Work task:
Write out the listing exactly, dropping any picture it contains.
The input START
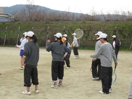 昨日よりましとはいえ,身を切るような寒さの中、テニスコートでは女子テニス部が元気にラケットを振っています。スウェットやハーフパンツの部員もいて,身体を動かしていないと、すぐに冷えてしまいそうです。
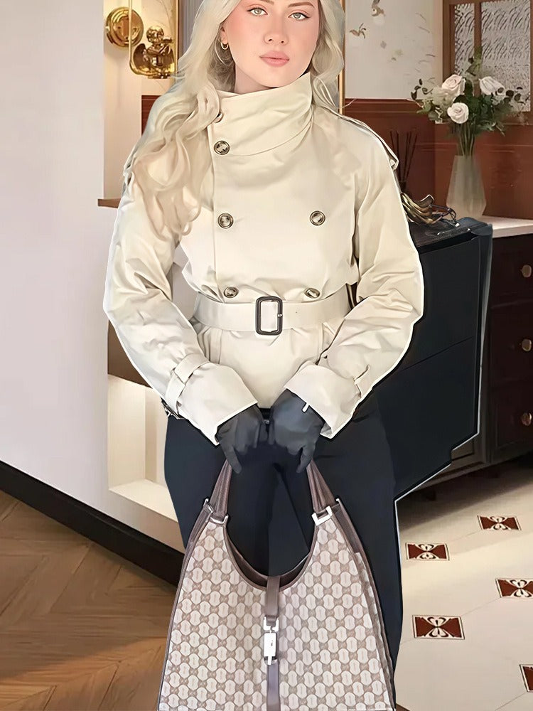Damenmantel – Taillierter Schnitt – Stehkragen – Schlagärmel – Verstellbarer Gürtel
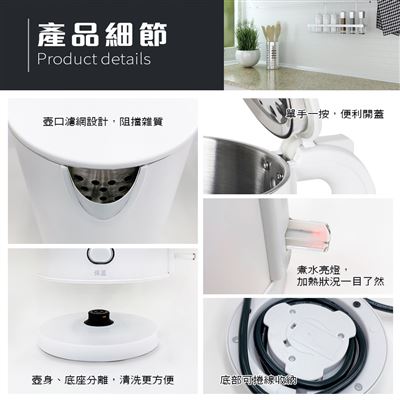 | 注意事項 | ※使用提醒:快煮壺水滾後須多等待60~90秒,待蒸氣回流至感應開間後才會自動跳起,水位越少需要等待的時間越久,煮水時請勿低於最低水位線。 ※使用前請詳閱說明書 ※請放置於陰涼乾燥、兒童無法觸及之處。 ※商品因環境光線、相機參數、螢幕顯色的不同,可能會有些許色差,請以實際收到商品為準。 ※產品尺寸為手工測量會有些許誤差,請以實際收到商品為準。 |
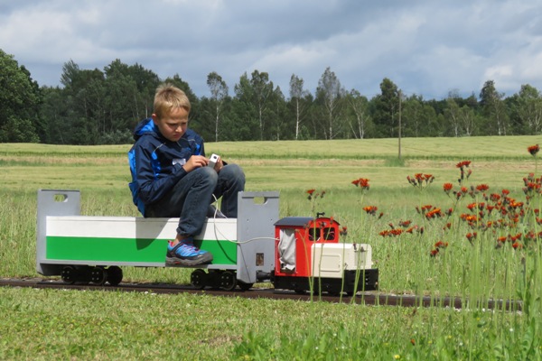 | Tim und sein Vater waren Samstag und Sonntag gekommen und hatten sowohl die elektrische als auch ihre Dampflokomotive dabei. Und dennoch wollte Tim auch mal mit dem Bärenzug einige Runden fahren. Für mich die Gelegenheit, den Zug auf der schön gestalteten Anlage fotografieren zu können. Die Dampflokomotive von Tim hatte dann leider am Sonntag einen Defekt. Irgendwie hatte die Lokomotive nicht die gewohnte Kraft und Tims Vater fand dann die Ursache: die Maschine arbeitete nur noch auf einem Kolben, da der Verbindungsstift zwischen Kolbenstange und Kreuzkopf auf einer Seite gebrochen oder verloren gegangen war. |
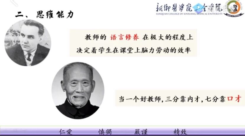 然后,王静老师运用“冰山图”来形象的解释教师要注重个人的人文素养,在备课之初,就要考虑到如何和学生进行具体有效的沟通。例如,课前5分钟要进行有效破冰,运用游戏,音视频等方法,迅速使学生注意力活跃起来,进入学习状态。在备课内容上,要丰富教学内容,深入挖掘知识内涵,才能够从课程思政、临床新进展、科学研究等角度进行有效的知识拓展,提高课程内容的深度和广度。
The input END
Written reply:
 昨日よりましとはいえ,身を切るような寒さの中、テニスコートでは女子テニス部が元気にラケットを振っています。スウェットやハーフパンツの部員もいて,身体を動かしていないと、すぐに冷えてしまいそうです。
Damenmantel – Taillierter Schnitt – Stehkragen – Schlagärmel – Verstellbarer Gürtel
 | 注意事項 | ※使用提醒:快煮壺水滾後須多等待60~90秒,待蒸氣回流至感應開間後才會自動跳起,水位越少需要等待的時間越久,煮水時請勿低於最低水位線。 ※使用前請詳閱說明書 ※請放置於陰涼乾燥、兒童無法觸及之處。 ※商品因環境光線、相機參數、螢幕顯色的不同,可能會有些許色差,請以實際收到商品為準。 ※產品尺寸為手工測量會有些許誤差,請以實際收到商品為準。 |
 | Tim und sein Vater waren Samstag und Sonntag gekommen und hatten sowohl die elektrische als auch ihre Dampflokomotive dabei. Und dennoch wollte Tim auch mal mit dem Bärenzug einige Runden fahren. Für mich die Gelegenheit, den Zug auf der schön gestalteten Anlage fotografieren zu können. Die Dampflokomotive von Tim hatte dann leider am Sonntag einen Defekt. Irgendwie hatte die Lokomotive nicht die gewohnte Kraft und Tims Vater fand dann die Ursache: die Maschine arbeitete nur noch auf einem Kolben, da der Verbindungsstift zwischen Kolbenstange und Kreuzkopf auf einer Seite gebrochen oder verloren gegangen war. |
 然后,王静老师运用“冰山图”来形象的解释教师要注重个人的人文素养,在备课之初,就要考虑到如何和学生进行具体有效的沟通。例如,课前5分钟要进行有效破冰,运用游戏,音视频等方法,迅速使学生注意力活跃起来,进入学习状态。在备课内容上,要丰富教学内容,深入挖掘知识内涵,才能够从课程思政、临床新进展、科学研究等角度进行有效的知识拓展,提高课程内容的深度和广度。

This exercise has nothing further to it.